*Available records*
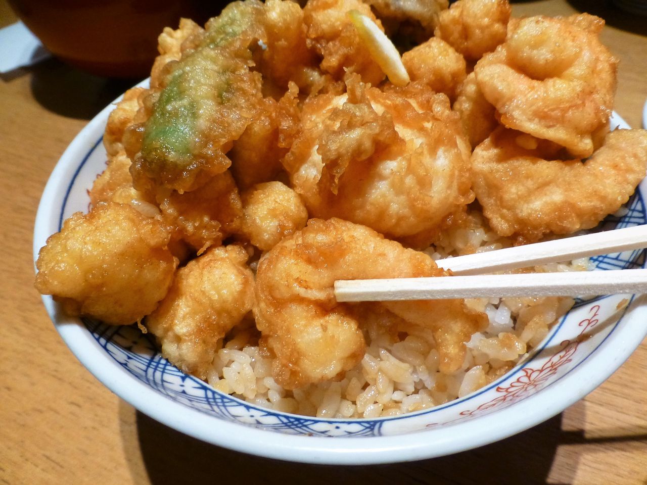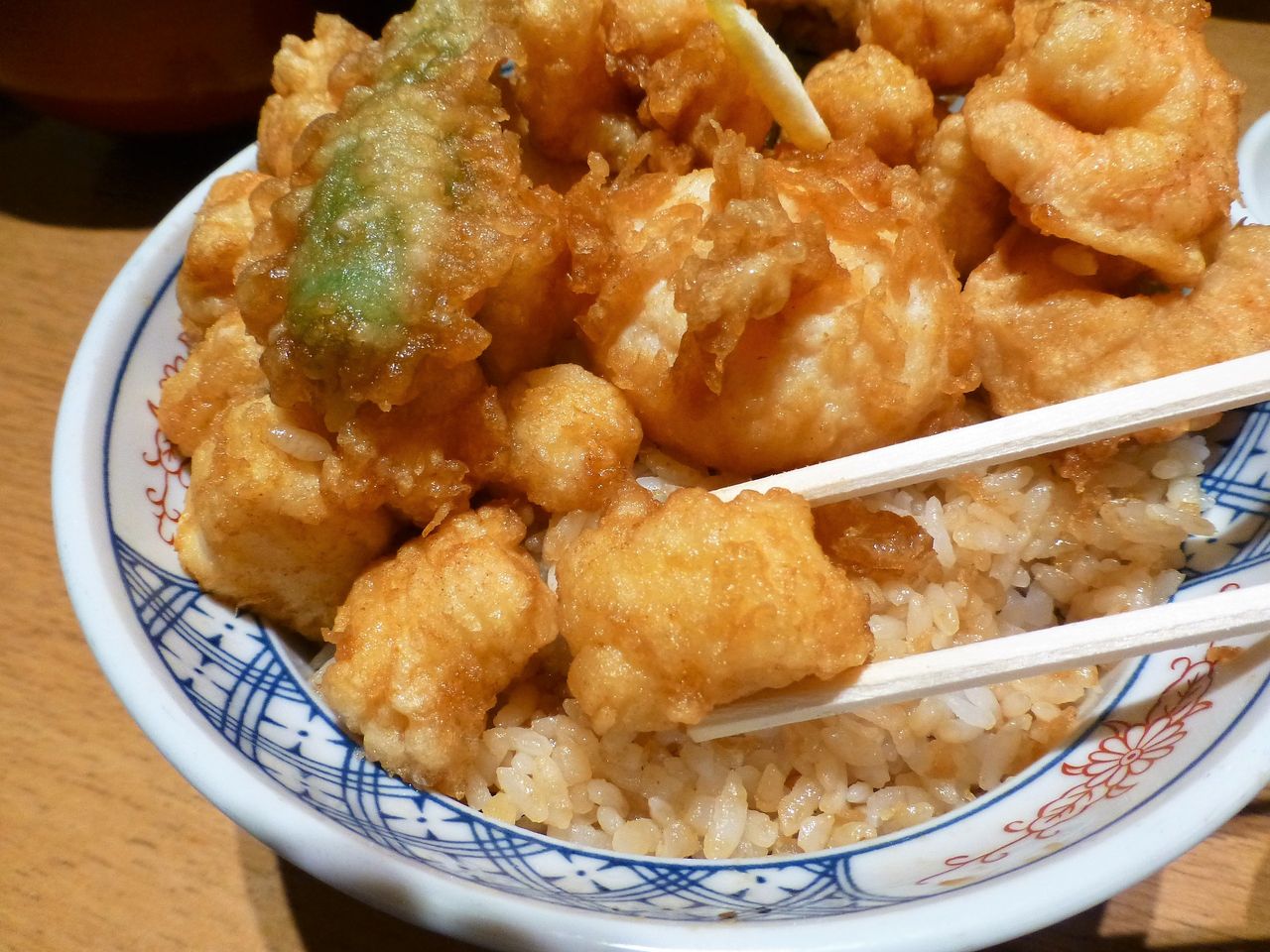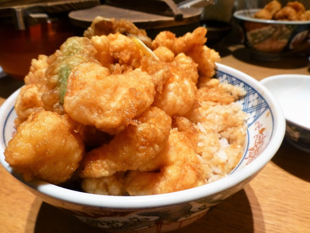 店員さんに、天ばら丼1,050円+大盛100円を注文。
...
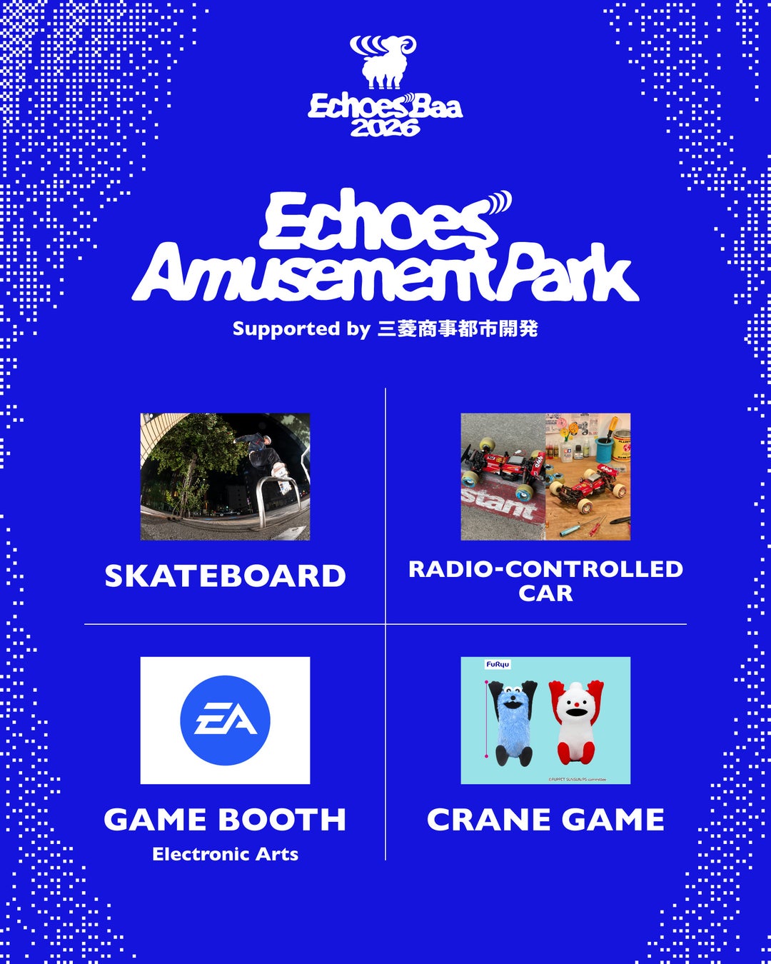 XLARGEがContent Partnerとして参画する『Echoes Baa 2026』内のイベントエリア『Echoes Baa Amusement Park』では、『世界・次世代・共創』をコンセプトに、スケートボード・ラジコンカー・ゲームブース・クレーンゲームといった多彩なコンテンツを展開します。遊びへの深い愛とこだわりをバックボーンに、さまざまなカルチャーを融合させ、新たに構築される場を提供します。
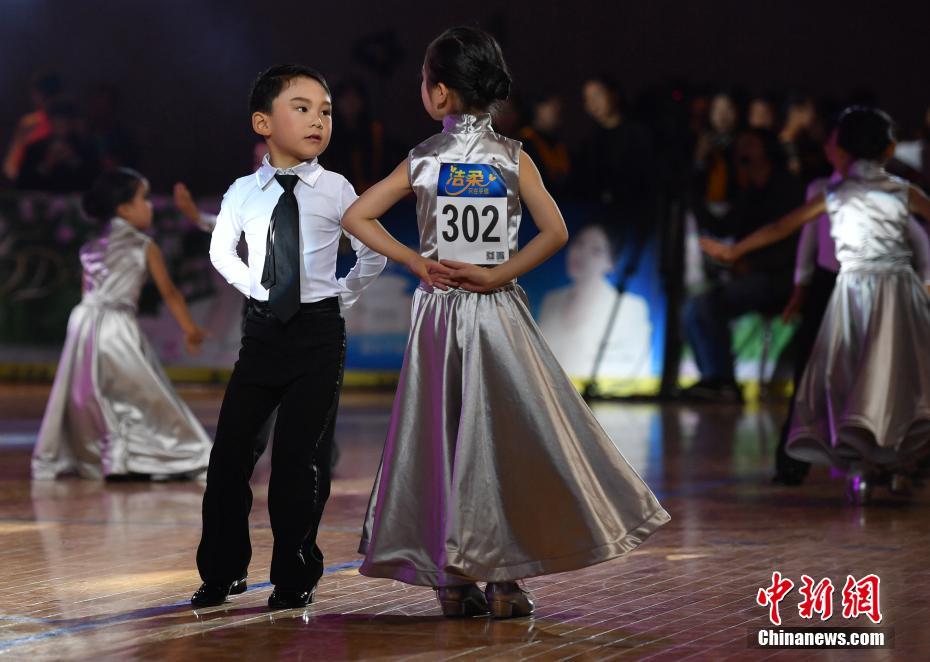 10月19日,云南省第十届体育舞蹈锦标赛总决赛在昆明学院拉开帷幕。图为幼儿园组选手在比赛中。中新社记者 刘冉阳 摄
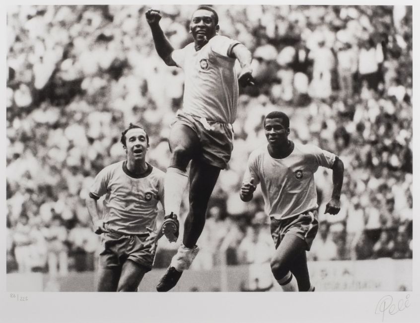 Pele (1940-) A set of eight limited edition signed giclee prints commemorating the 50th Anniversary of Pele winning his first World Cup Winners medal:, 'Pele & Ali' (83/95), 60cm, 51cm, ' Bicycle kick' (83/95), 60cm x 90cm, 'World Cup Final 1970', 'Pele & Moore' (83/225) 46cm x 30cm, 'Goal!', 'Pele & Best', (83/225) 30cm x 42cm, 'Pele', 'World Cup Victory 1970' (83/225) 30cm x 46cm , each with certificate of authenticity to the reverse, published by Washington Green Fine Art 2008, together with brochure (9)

*Exercise*
Using the records above, return verbatim only the part that opens with the line containing "XLARGEがContent Partnerとして参画する『Echoes Baa" and closes with the line containing "10月19日,云南省第十届体育舞蹈锦标赛总决赛在昆明学院拉开帷幕。图为幼儿园组选手在比赛中。中新社记者 刘冉阳 摄"; pictures stay out.

*Result for this exercise*
 XLARGEがContent Partnerとして参画する『Echoes Baa 2026』内のイベントエリア『Echoes Baa Amusement Park』では、『世界・次世代・共創』をコンセプトに、スケートボード・ラジコンカー・ゲームブース・クレーンゲームといった多彩なコンテンツを展開します。遊びへの深い愛とこだわりをバックボーンに、さまざまなカルチャーを融合させ、新たに構築される場を提供します。
 10月19日,云南省第十届体育舞蹈锦标赛总决赛在昆明学院拉开帷幕。图为幼儿园组选手在比赛中。中新社记者 刘冉阳 摄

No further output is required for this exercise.